Even within "Israel" itself, human rights institutions have called for the immediate closure of that detention center due to its inhumane conditions, in a prison where, according to those who have been detained, there are no responsible officers to speak with to convey their complaints due to the lack of oversight there.

This was but a small episode of physical torture; psychologically, the staff at that detention center excelled in practicing psychological destruction by showing pictures of the detainees' relatives and claiming that they had killed his family, arrested a prisoner's sister, or displaced another family.
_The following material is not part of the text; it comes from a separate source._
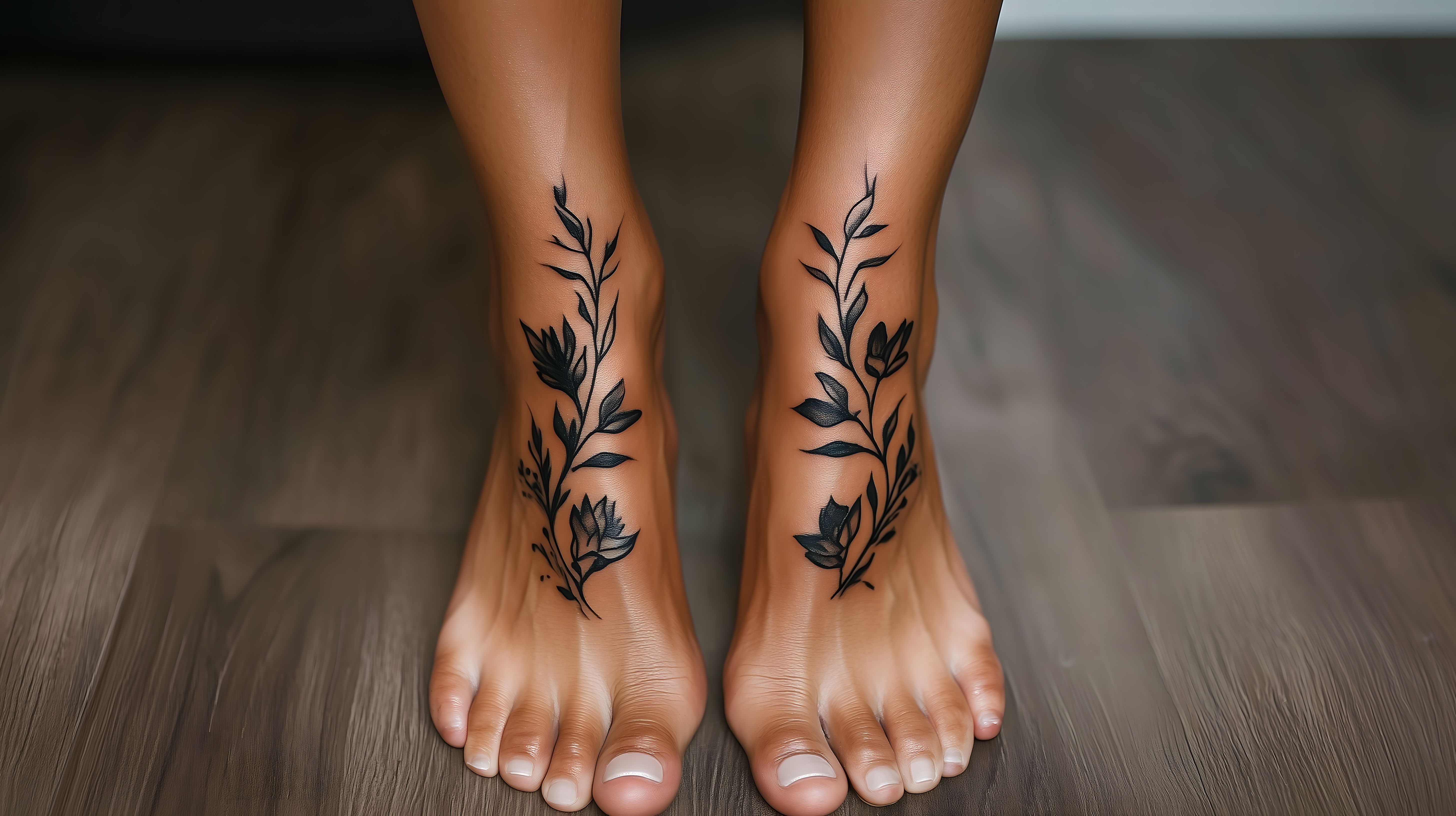 Dieses Stockfoto zeigt die Füße einer Frau, die mit einem eleganten, botanischen Blumentattoo-Design verziert sind. Die Tätowierungen erstrecken sich über die Fußrücken und Knöchel und verleihen dem Motiv einen natürlichen, organischen Look. Die Füße ruhen auf einem hölzernen Fußboden, was dem Bild eine rustikale, minimalistische Ästhetik verleiht. Das Foto bietet eine einzigartige, reduzierte Perspektive und eignet sich hervorragend als hochwertiges Stockfoto für vielfältige Einsatzzwecke - sei es in Blogs, Newslettern, auf Social-Media-Kanälen oder in der Werbung. Dieses kostenlose, hochauflösende Bild unter Creative-Commons-Lizenz lässt sich flexibel und rechtssicher in verschiedensten Kontexten nutzen.

Dozens of prisoners released from "Sdei Teiman" bear remarkably similar scars on their hands and legs, indicative of their exposure to the same method of torture; apart from cases of rape reported by lawyer Khaled Mahajne, who visited the detention center.

Reports state that this notorious detention center houses the bodies of about 1,500 martyrs since the onset of the aggression last fall. Qadura Fares, the head of the Prisoners and Ex-Prisoners Affairs Authority, estimates that the number of Gaza prisoners is not precisely known but could be around three thousand from Gaza throughout the months of aggression.